I hate the scene not only because the music sucks, which it does--Pearl Jam and Stone Temple Pilots are two of the most transparently fake rock bands since the Monkees, and Urge's major label debut is a depressing REO imitation, cloying with slick production tricks--but because in the promotion and consumption of "alternative rock" I see the ongoing workings of the vast machinery of human degradation that punk rock once declared itself out to destroy. My music dedicated itself, in one form or another, to resistance, to a scream of frustration with everything that is shitty about American life. But the goal of mass culture and of its latest generation of pouting, posturing rebels is the exact opposite: to make people dumb and complacent; to keep the great wheels of obsolescence turning and turning; to measure out your life in a succession of new costumes and consumer goods. The success of "alternative" means just another lease on life--a lease lasting as long as this "movement," like the dozens of "movements" that preceded it, can retain its "rebel" credibility--for the system that has forced us into meaningless jobs, into an endless drear of cubicle-bound alphabetization or pagination; has supplanted thought with the wisdom of Bob Greene; and has given us a culture that consists of the office radio droning aural sedatives. This is not what rock 'n' roll is about.

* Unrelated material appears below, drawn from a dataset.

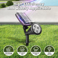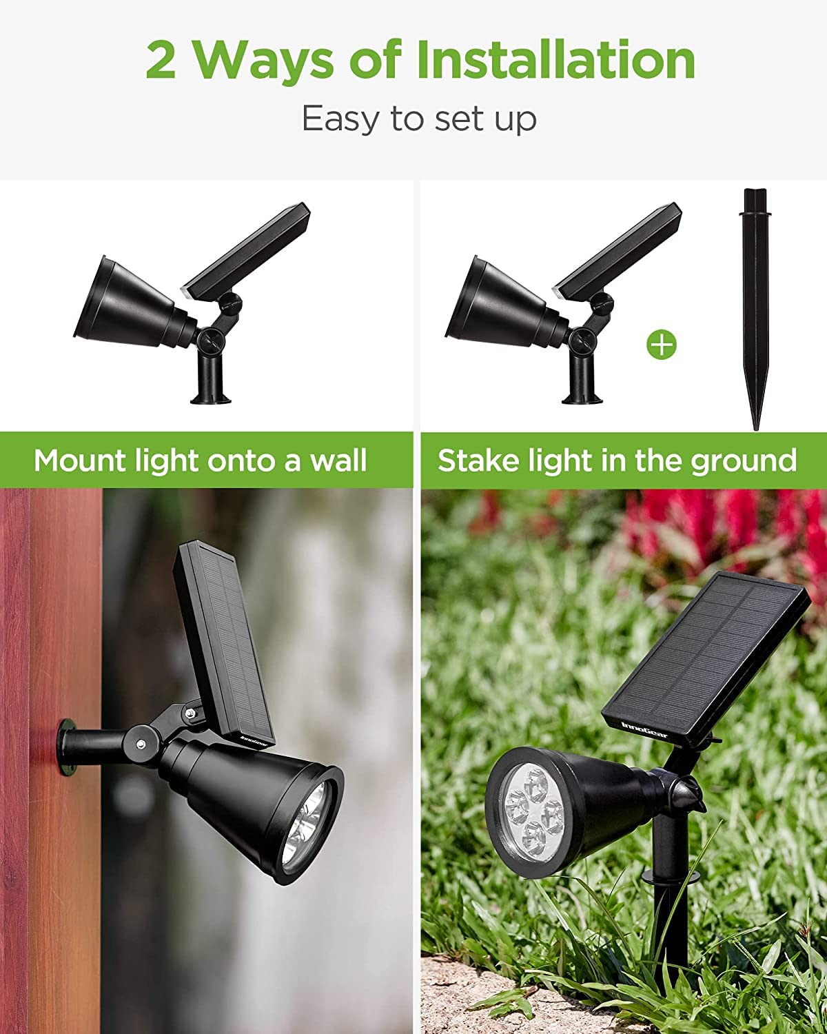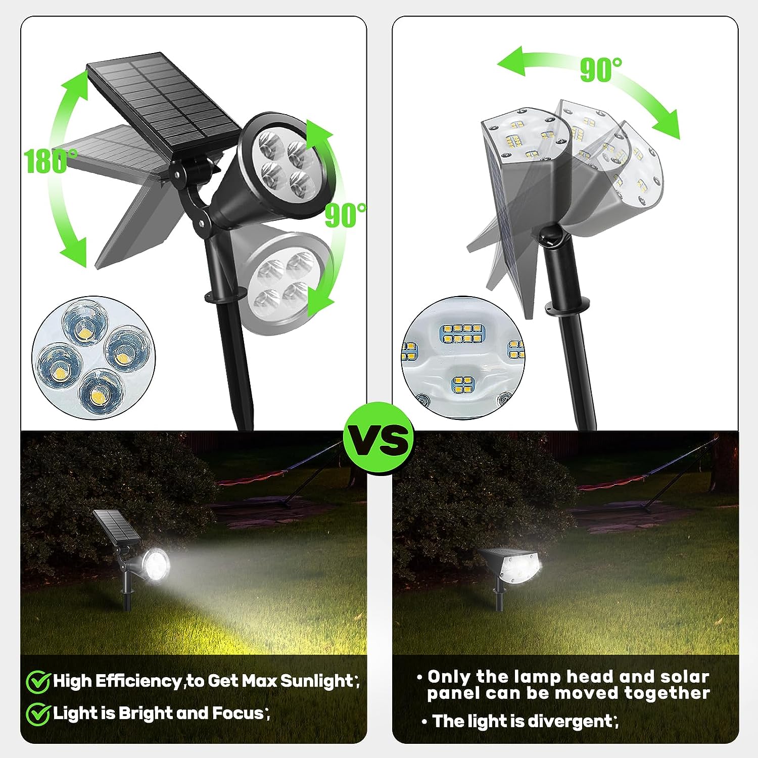 - High Efficiency: The solar spotlights outdoors have independently adjustable lights and panels. The advanced 1.5W Monocrystalline Silicon Solar Panel can be adjusted 180 degrees vertically. This means that the solar spotlight can be adjusted to the right angle, getting an effective sun, which can be charged quickly and efficiently. At the same time, the lamp head can be rotated 90 degrees, which can obtain the best lighting angle and can illuminate unreachable places.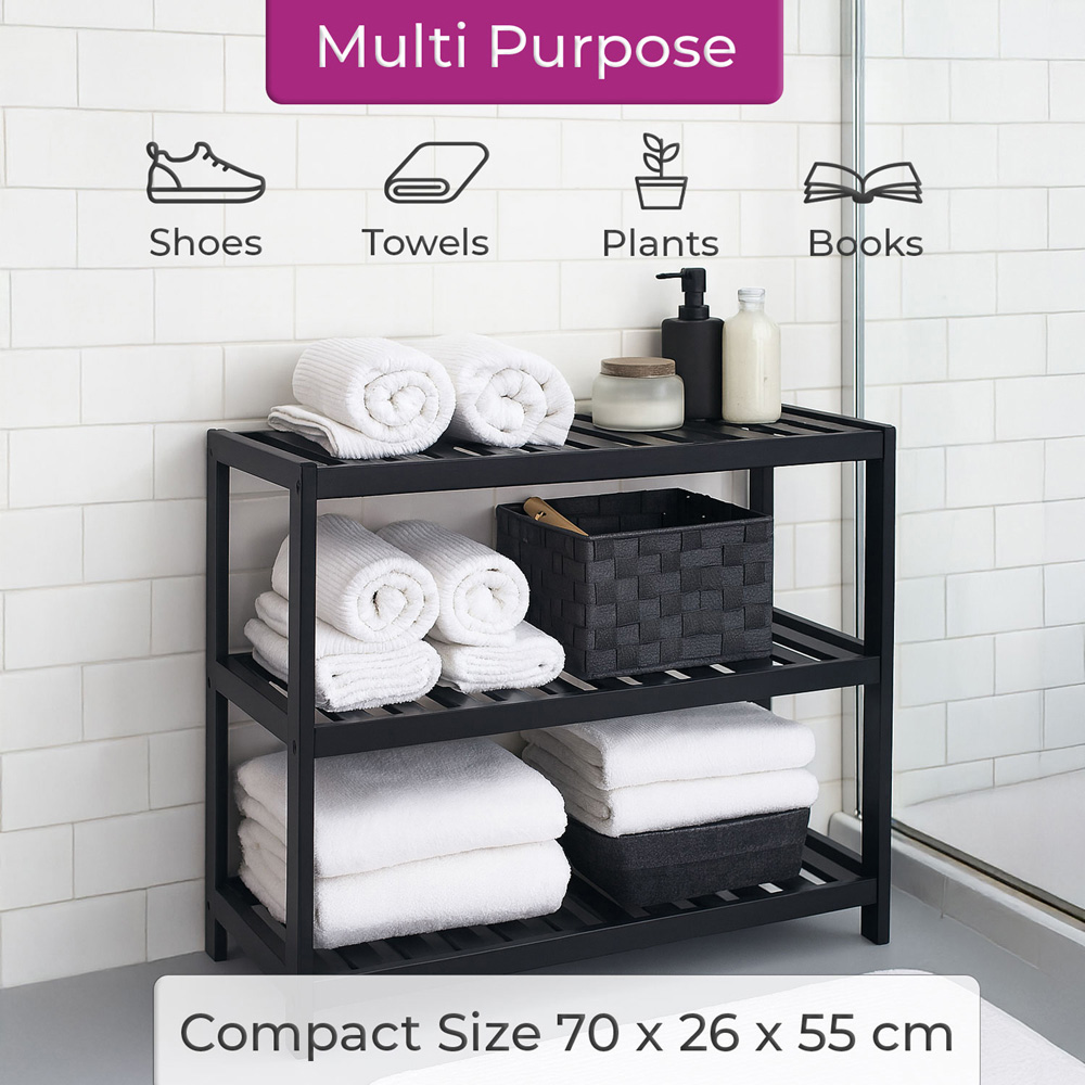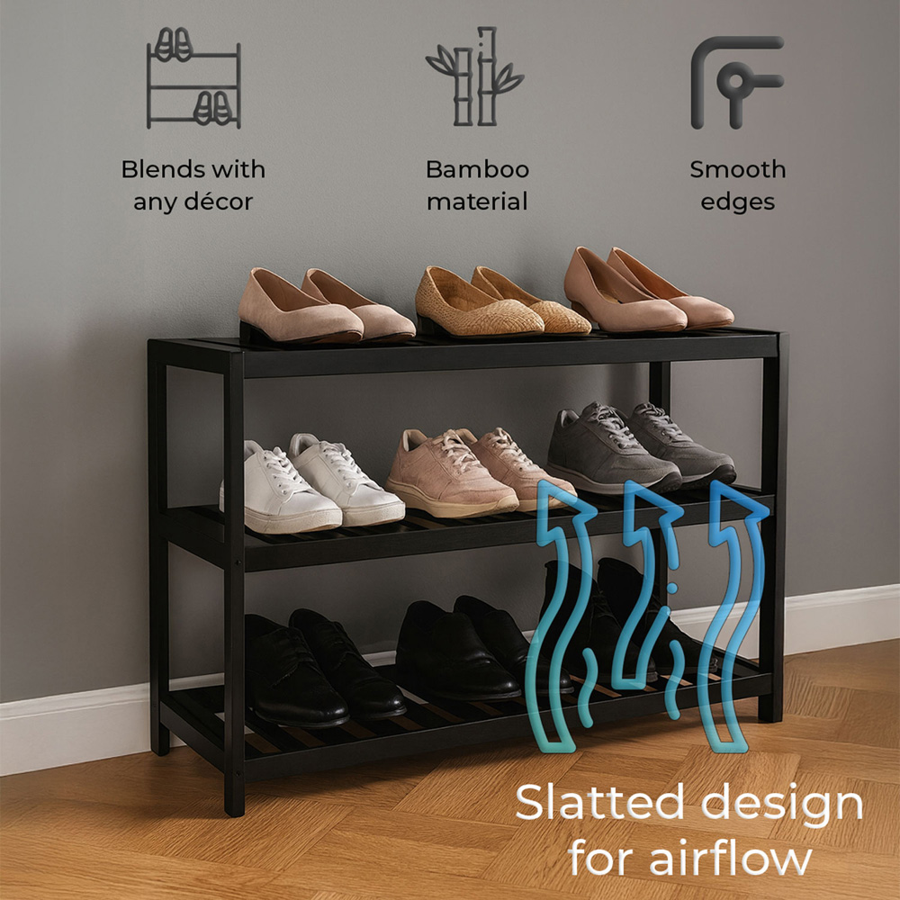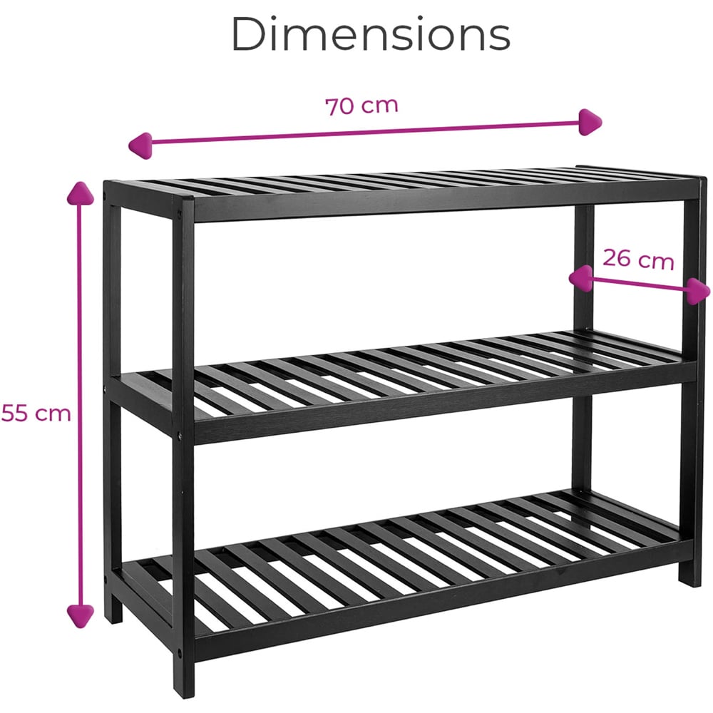 Neo 3 Shelf Black Bamboo Shoe Rack

And yet this situation also provides us with a unique opportunity. Individuals rarely make a difference in the sweeping movements of history; their pathetic personal concerns, their petty hopes for freedom or a decent life are caught up in or flattened by the inexorable grinding of economic acquisition or militarism. But this time may be different. This sudden attention of the men from the machine, the Doc Martens-and-nose-ring-wearing colonists of Big Culture, may allow us, for once, to toss a wrench into the gears. Autonomy, after all, is what we're after, and if the life-style entrepreneurs get burned badly eough, they may leave us alone. Their slobbering over Seattle was halted when the New York Times and a number of British magazines were tricked into printing a bizarre vocabulary of "grunge slang" that was self-evidently a hoax. With a chorus of cynical laughter resounding in the background, the shamed media soon declared "grunge" to be "dead." So next time the guy from Rolling Stone comes around to see "what's hot," be creative. Tell him about the wild new youth movement that has risen up from the skitching subculture, complete with baggy, brightly colored snowsuits and a particular type of flat-soled shoe. Or maybe the Young Cubists, who have creatively misinterpreted the Picasso with a variety of sharp 20s costumes and who, when they're not listening tearfully to Bix Beiderbecke records (78 rules, man!), engage in running battles with the pretentiously clad, Dos Passos-quoting New Realists from the south side. After all, any of these are just as probable as "grunge" or the velvet costumes of Urge Overkill. So don't let misinformation be monopolized by your elected officials. And make business pay for its new cool.